Mayor Tommy Roberts said the direction to undertake a study "is not a decision to annex."
"This is purely in an analysis and study phase," he said.
If the City Council decides to forge ahead with annexation, it likely would increase the city's revenue and spread services such as water and sewer to outlying businesses and homes. But it also risks taking in business people and local residents who intentionally settled outside of city limits.
The idea is all about tax revenue.
"The attraction of annexation would be bringing in those businesses that are producers of goods and services, which generates gross receipts tax," Roberts said.
Among the areas under study for annexation could include U.S. 64 (Bloomfield Highway) and New Mexico 516 (Aztec Highway) east of Farmington.
Bloomfield Highway in particular has many industrial businesses that could generate significant tax revenue. City officials are quick to note, however, that nothing has been decided.
"This would just be an initial overview of the possibilities," Roberts said.
Farmington's northeastern boundary now stops at Farmington Lake. The southeast edge of city limits extends to Bloomfield Highway's intersection with Madison Lane, and areas north of there including Wildflower Mesa Drive.
Business owners in areas east of the city would face a number of changes in an annexation.
"As far as services to the businesses and the people that fall in that area, it's probably good," said Gilbert M. Cordova, owner of Cordova Investment, which does business as A.C. Fence Co., 2901 E. Bloomfield Highway.
Cordova complained that buildings in the city of Farmington fall under strict building codes.
"Since I'm in construction I have to deal with that," he said. "I don't think that's right. What happens is it increases construction costs."
The City Council has set aside for now a proposal from councilor Jason Sandel to consider a broad annexation that would take in much of Crouch Mesa. The proposal would have increased the city's land area by about 50 percent, Roberts said.
Sandel could not be reached for comment Friday.
"I am not in favor of a massive annexation," Roberts said. "I think we would find very likely that the costs outweigh the benefits. A smaller scale annexation is the way to go."
Crouch Mesa lies between Bloomfield Highway and Aztec Highway along County Road 350. The area includes industrial businesses and a few residential developments, but it is not densely populated.

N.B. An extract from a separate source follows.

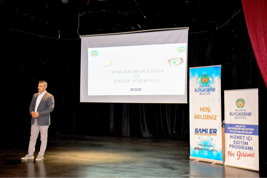 MALATYA (İGFA) – Malatya Büyükşehir Belediyesi Çevre Koruma, İklim Değişikliği ve Sıfır Atık Şube Müdürlüğü ile Fen İşleri Dairesi Enerji Aydınlatma Müdürlüğü tarafından MABESEM konferans salonunda verilen hizmet içi farkındalık eğitiminde “İklim Değişiyor Biz Neden Değişmiyoruz”, “Yenilenebilir Enerji” ve “Enerji Tasarrufu ve Enerji Verimliliği” konularına yer verildi. Eğitim semineri, Büyükşehir Belediyesi Çevre Koruma, İklim Değişikliği ve Sıfır Atık Şube Müdürlüğü çalışanlarından Kimya Mühendisi Özden Şahin ve Fen İşleri Dairesi Enerji Aydınlatma Şube Müdürü Akif Şekerci tarafından verildi.

Businesses are interspersed in the desert.
Roberts said Crouch Mesa may be too large an area for the city to consider annexing anytime soon.
"That proposal has been on the table for over a year and the council has never warmed to that thought," Roberts said. "My personal view is there's not much attractive about it."
A smaller annexation could bring benefits to the city, Roberts said.
"It amounts to a cost-benefit analysis," he said.